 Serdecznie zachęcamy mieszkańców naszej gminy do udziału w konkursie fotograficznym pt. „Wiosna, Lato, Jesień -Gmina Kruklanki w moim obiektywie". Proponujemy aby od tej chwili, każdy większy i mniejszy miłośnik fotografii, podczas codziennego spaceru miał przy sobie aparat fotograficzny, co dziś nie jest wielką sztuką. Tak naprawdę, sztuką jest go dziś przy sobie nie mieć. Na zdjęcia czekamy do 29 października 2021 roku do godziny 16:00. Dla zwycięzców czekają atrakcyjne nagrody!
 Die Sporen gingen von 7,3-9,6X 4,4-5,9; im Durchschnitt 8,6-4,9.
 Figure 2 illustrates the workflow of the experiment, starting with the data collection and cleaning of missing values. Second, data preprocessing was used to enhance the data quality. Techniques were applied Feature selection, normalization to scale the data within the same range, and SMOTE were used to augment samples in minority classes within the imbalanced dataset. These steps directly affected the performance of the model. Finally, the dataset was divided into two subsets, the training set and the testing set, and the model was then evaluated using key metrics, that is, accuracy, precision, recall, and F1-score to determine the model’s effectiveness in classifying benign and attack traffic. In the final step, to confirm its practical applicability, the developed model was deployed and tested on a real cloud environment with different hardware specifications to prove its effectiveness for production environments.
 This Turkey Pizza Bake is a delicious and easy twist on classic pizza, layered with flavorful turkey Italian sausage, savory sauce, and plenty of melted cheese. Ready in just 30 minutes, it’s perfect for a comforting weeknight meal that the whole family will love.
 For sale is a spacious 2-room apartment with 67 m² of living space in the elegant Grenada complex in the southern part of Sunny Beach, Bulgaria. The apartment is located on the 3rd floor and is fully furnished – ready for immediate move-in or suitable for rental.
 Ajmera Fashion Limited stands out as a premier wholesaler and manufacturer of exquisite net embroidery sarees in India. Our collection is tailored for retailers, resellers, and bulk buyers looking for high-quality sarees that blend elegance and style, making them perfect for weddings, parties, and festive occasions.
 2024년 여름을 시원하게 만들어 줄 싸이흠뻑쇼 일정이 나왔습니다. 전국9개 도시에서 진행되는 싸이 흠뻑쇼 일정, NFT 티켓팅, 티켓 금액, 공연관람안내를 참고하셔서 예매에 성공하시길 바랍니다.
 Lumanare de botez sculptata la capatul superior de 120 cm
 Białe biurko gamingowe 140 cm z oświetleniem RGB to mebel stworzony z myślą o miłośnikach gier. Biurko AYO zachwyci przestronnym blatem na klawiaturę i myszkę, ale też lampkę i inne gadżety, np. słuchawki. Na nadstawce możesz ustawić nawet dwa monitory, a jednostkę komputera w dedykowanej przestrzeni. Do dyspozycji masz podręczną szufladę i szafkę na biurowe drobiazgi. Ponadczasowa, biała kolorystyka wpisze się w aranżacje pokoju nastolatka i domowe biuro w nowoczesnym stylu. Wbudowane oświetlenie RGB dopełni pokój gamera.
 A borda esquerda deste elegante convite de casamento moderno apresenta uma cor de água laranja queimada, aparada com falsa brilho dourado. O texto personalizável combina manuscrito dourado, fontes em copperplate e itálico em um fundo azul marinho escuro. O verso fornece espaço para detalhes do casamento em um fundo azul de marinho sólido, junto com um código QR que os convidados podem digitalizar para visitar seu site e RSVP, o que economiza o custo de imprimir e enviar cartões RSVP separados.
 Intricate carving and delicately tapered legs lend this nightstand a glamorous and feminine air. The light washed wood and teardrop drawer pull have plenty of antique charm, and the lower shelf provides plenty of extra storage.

--- What is being asked ---
If a line above contains the string "collection", count it, then give the total and nothing else.

--- Finished task ---
2